Segment Start: Given data

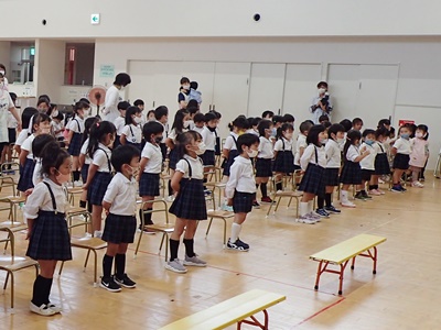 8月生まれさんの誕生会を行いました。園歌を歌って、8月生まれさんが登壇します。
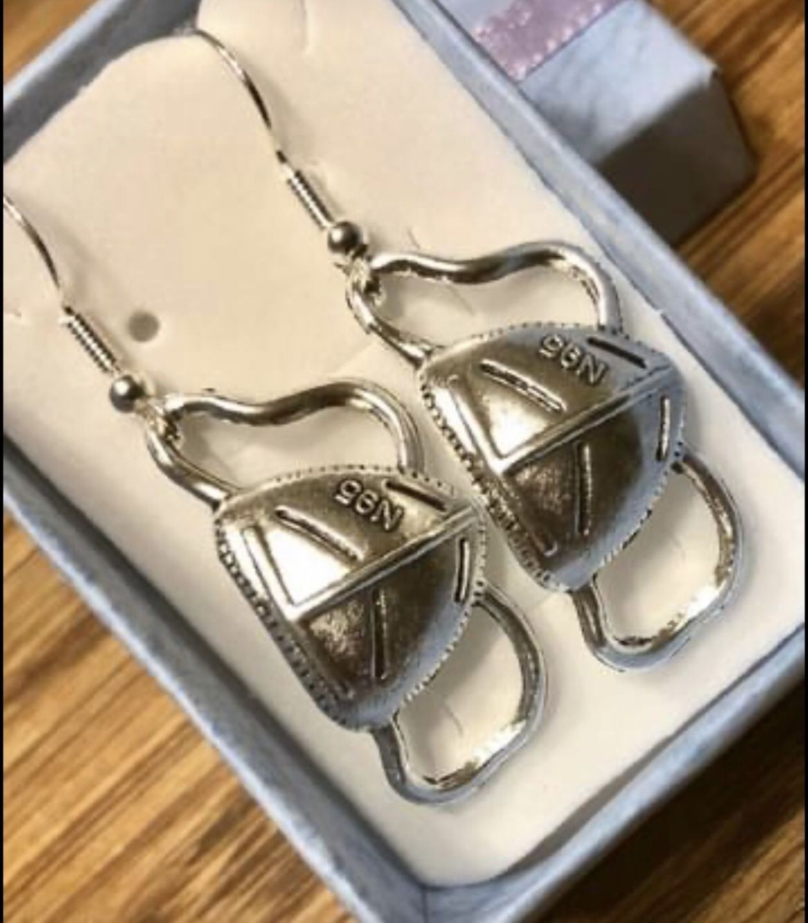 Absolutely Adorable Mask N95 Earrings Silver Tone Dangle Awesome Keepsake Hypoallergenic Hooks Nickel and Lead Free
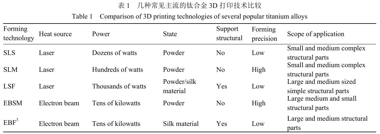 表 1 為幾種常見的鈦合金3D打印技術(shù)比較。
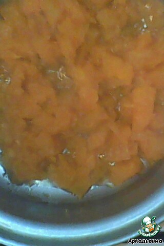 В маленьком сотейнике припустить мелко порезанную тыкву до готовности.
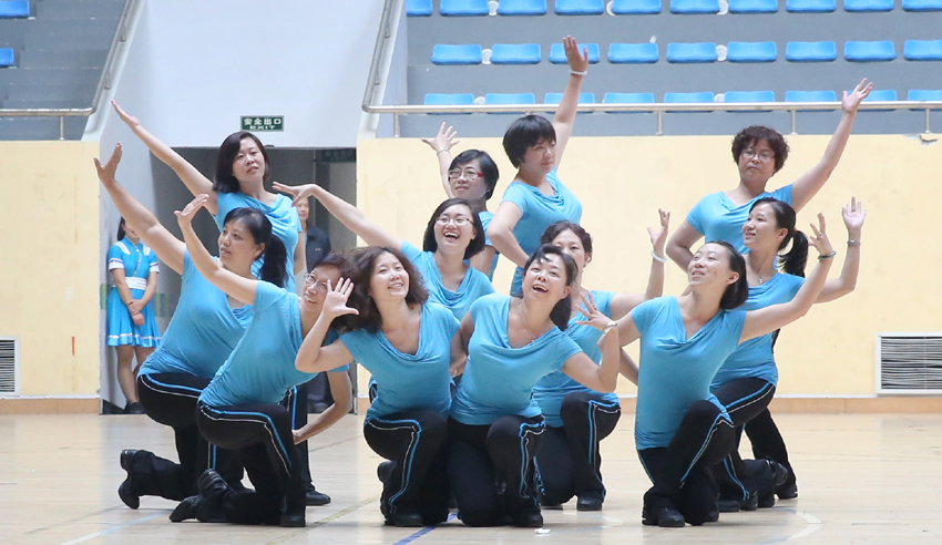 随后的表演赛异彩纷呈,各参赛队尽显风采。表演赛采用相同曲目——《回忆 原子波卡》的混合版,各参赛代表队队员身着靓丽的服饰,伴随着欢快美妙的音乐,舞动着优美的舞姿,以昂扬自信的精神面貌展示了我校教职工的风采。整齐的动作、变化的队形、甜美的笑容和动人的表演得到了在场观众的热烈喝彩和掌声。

Segment End: Given data

▸ **Problem requirements**:
Word for word, restate the lines from the one containing "В маленьком сотейнике" through the end of the listing, and nothing more. Skip the pictures.

▸ **Answer box**:
 В маленьком сотейнике припустить мелко порезанную тыкву до готовности.
 随后的表演赛异彩纷呈,各参赛队尽显风采。表演赛采用相同曲目——《回忆 原子波卡》的混合版,各参赛代表队队员身着靓丽的服饰,伴随着欢快美妙的音乐,舞动着优美的舞姿,以昂扬自信的精神面貌展示了我校教职工的风采。整齐的动作、变化的队形、甜美的笑容和动人的表演得到了在场观众的热烈喝彩和掌声。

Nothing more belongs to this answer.